The words representation, operation, and module all describe the same thing from different perspectives. The change from $G$ to $FG$ only reflects that we want a distributive structure on the scalars, not just a multiplication so that it better matches the vector space structure on the representation space $V$. It extends the scalars in $G$ to elements in $FG$ which can be added and multiplied like ordinary scalars in a field could.

 

[mathwonk]

I think they meant GL(V). try not to get hung up by trivial stuff like this. everyone makes mistakes.

 

[MathLearner123]

Thanks for all the answers. I understand that I need to put $GL(V)$. But I think that it's sufficient to add to the statement of the proposition that $\{v_1, \ldots, v_n\}$ is a fixed basis for $V$ and then I can take $v \cdot g$ to be the unique vector from $v$ which have the coordinates given by product of coordinate vector of $v$ (because I will have an isomorphism between $V$ and $F^n$) and the matrix $f(g)$. I think the statement would be ok, because each fixed basis for $V$ would give different $FG$-module structure on $V$. It's ok? What do you think?

 

[fresh_42]

Thanks for all the answers. I understand that I need to put $GL(V)$. But I think that it's sufficient to add to the statement of the proposition that $\{v_1, \ldots, v_n\}$ is a fixed basis for $V$ and then I can take $v \cdot g$ to be the unique vector from $v$ which have the coordinates given by product of coordinate vector of $v$ (because I will have an isomorphism between $V$ and $F^n$) and the matrix $f(g)$. I think the statement would be ok, because each fixed basis for $V$ would give different $FG$-module structure on $V$. It's ok? What do you think?

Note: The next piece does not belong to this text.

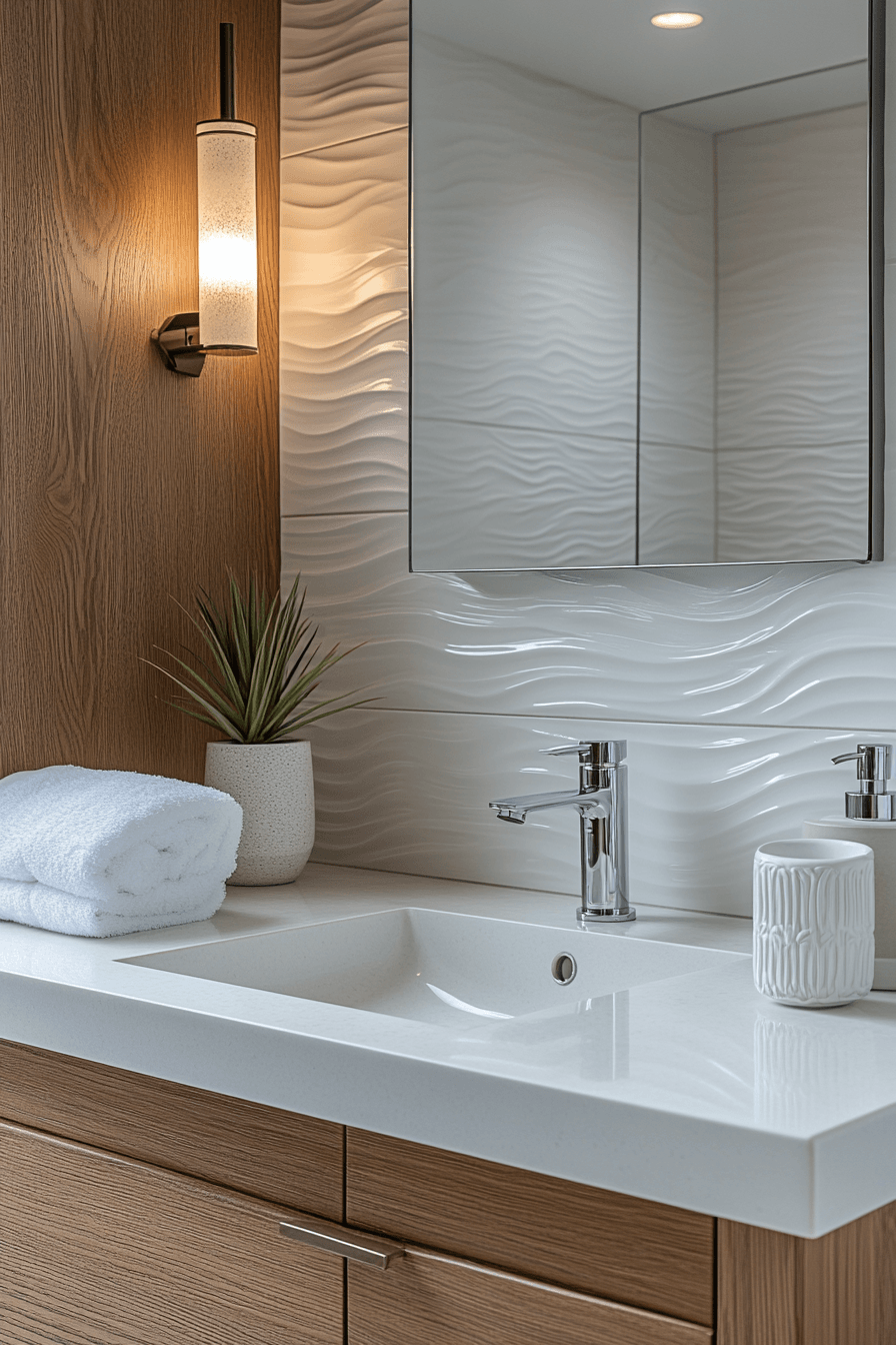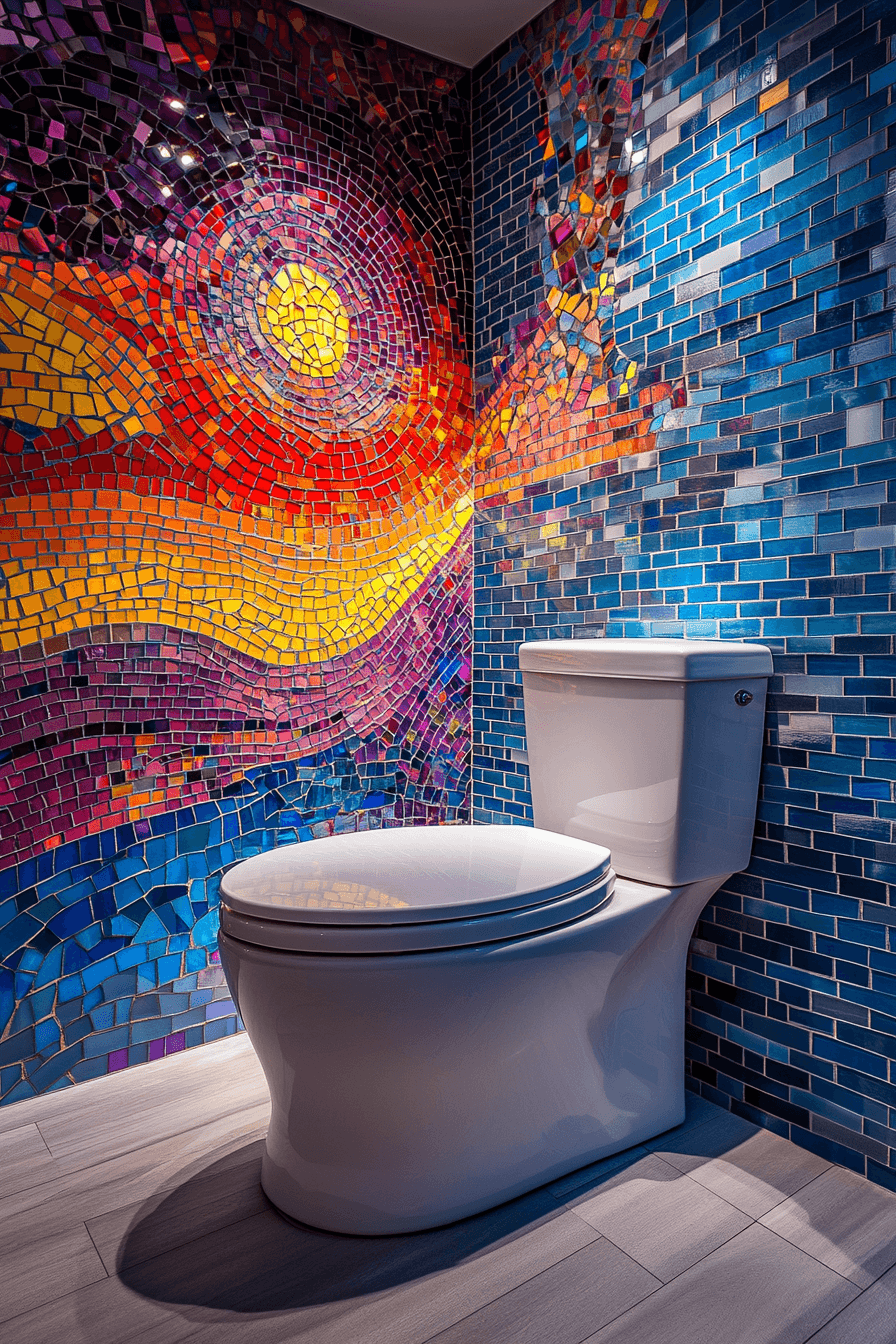 Mosaic details add personality to small guest bathroom ideas with texture and visual movement. Small-scale patterns work well in compact spaces without overpowering them. Bright lighting highlights the intricate design. Balanced styling keeps the look cohesive. The space feels lively and unique. Add mosaic for a creative touch!

I think that $\operatorname{GL}_n(F)=\operatorname{GL}(F^n)$ are only two different notations of the same linear group. We also have $\operatorname{GL}_n(F)=\operatorname{GL}(V)$ if $V$ is an n-dimensional $F$-vector space.

Changing the basis does not change the module structure, i.e. is not different. Say we have $v=\alpha_1 b_1+\ldots + \alpha_n b_n$ in one basis $\{b_1,\ldots,b_n\}$ and $b_k=\sum_{p=1}^n c_{pk}B_p$ in a basis $\{B_1,\ldots,B_n\}.$ Then
$$
v\cdot g=\sum_{q=1}^n\alpha_q (b_q\cdot g)=\sum_{q=1}^n\alpha_q\left(\sum_{p=1}^n c_{pq}B_p\right)\cdot g=\sum_{q=1}^n\alpha_q\sum_{p=1}^n c_{pq}\left(B_p\cdot g\right)
$$
You get different formulas for $v\cdot g$ depending on which basis you use to express the vector $v$ but the operation itself did not change. We still have the same group homomorphism $f.$ It is as it always is when changing a basis: the matrix changes, the linear transformation does not.

A side note: Most authors write $v\cdot g$ from the other side as a left module $g.v$ so don't be surprised if you see it written the other way around somewhere.

 

[martinbn]

A side note: Most authors write $v\cdot g$ from the other side as a left module $g.v$ so don't be surprised if you see it written the other way around somewhere.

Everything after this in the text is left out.